How Do We Do What We Do? To apply judgment, decision-makers need a framework and rules such as working standards and methods. The practical details of these rules are laid down in the charters, policies, guidelines, procedures, protocols, and work instructions. Clear working arrangements streamline decision-making, facilitate work hand-off among colleagues, and provide a clear reference for audits. The “how” question is about autonomy. For example, to what extent are subsidiaries allowed to make their own rules?
The decisive factor in the “how” is the organization’s culture. Is it characterized by managers setting the examples? Are decision-makers willing to face the possible consequences of their choices? Is it acceptable to challenge the assumptions in overly ambitious plans?
What Can We Improve? A continuous improvement program helps the leadership team focus on what really matters. When asked about the “best improvements,” people typically mention situations where the risk exposure is bigger or the chance taking is smaller than desired. The necessary improvements are usually about better designing, implementing, applying, and monitoring the organization’s working methods and standards. These renovations explicitly deal with the competencies of those involved — not only their professional knowledge and skills, but especially their personal leadership qualities.

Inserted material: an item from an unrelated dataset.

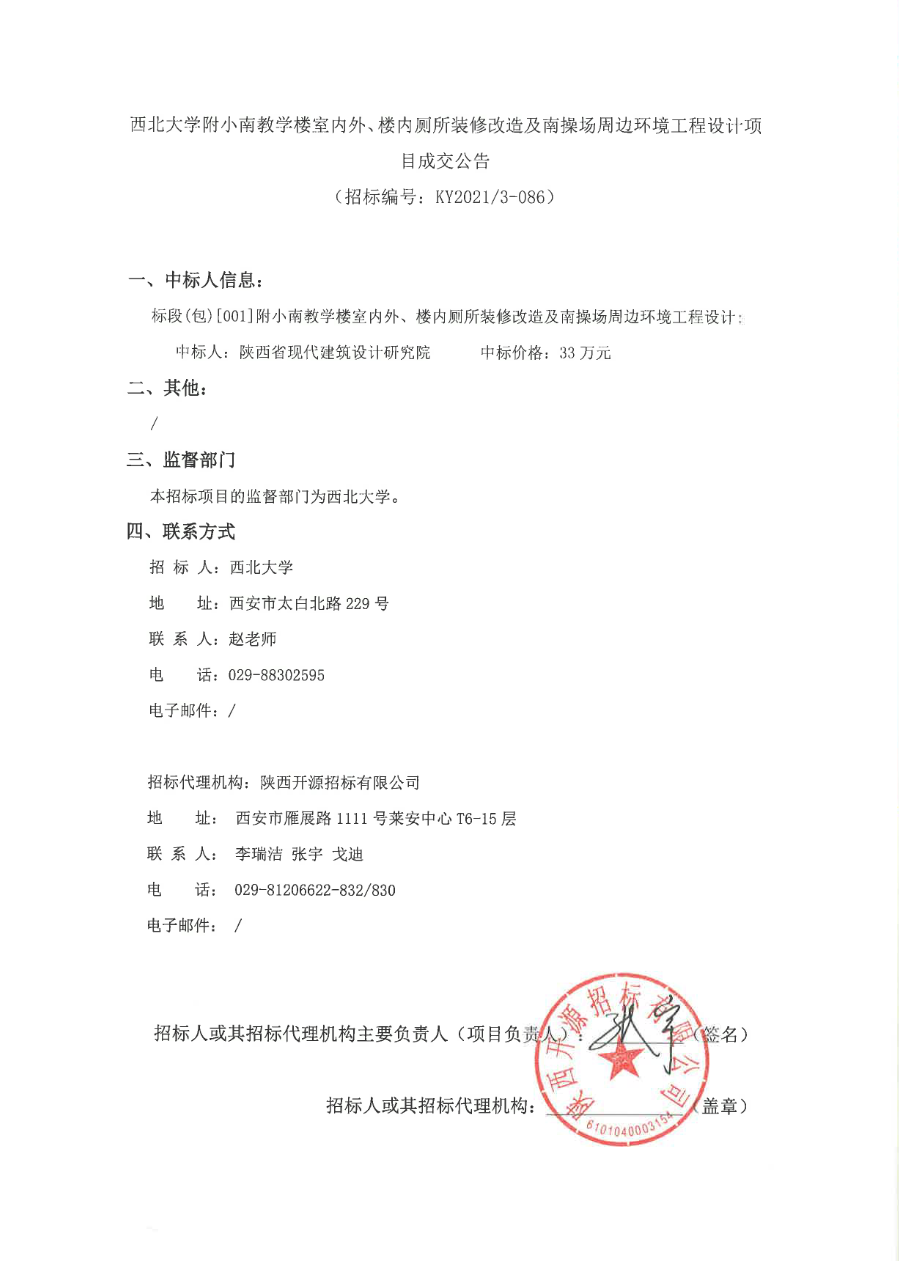 九游会在线登录官网附小南教学楼室内外、楼内厕所装修改造及南操场周边环境工程设计项目成交公告
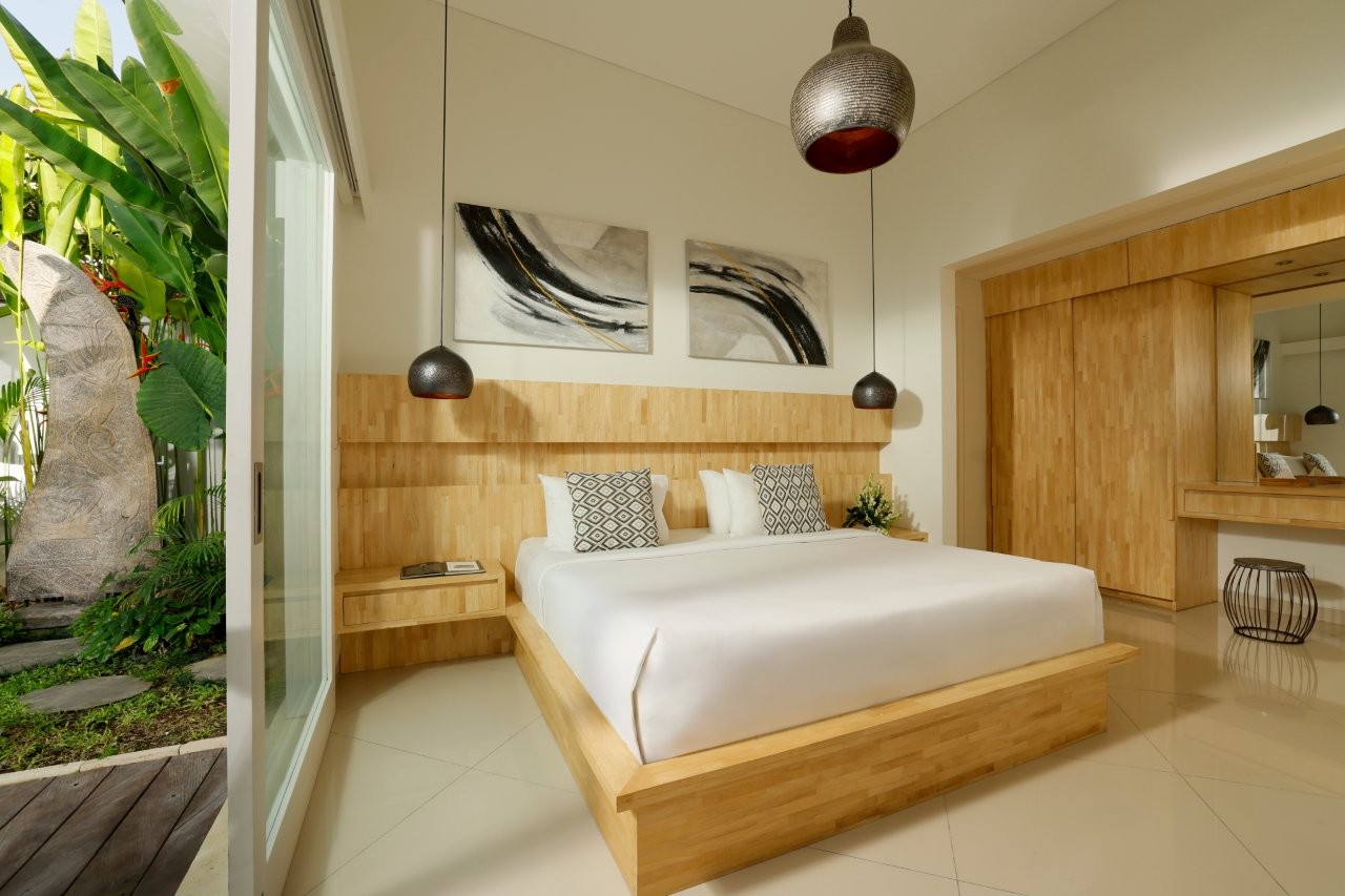 Outdoors, the spacious pool area is bordered by vibrant plants and garden textures, creating an inviting setting for quiet afternoons under Bali’s warm sun. Throughout the villa, clean lines and a refined minimalist aesthetic shape a tranquil environment, making The Suar Sanur an ideal escape for travelers seeking comfort, privacy, and effortless island living.

A continuous improvement program can enable the team to identify, prioritize, and realize improvement initiatives. The better the information management is and the more that employees feel free to report issues, the sooner trends can be identified.
Value for Stakeholders
Conventional risk management can easily turn into a separate, illusory, and compliance-driven system. Alternatively, value management is an integrated approach that can give leadership teams a single platform for all common types of management. It can help decision-makers identify, prioritize, and realize relevant improvements that are needed to satisfy their core stakeholders.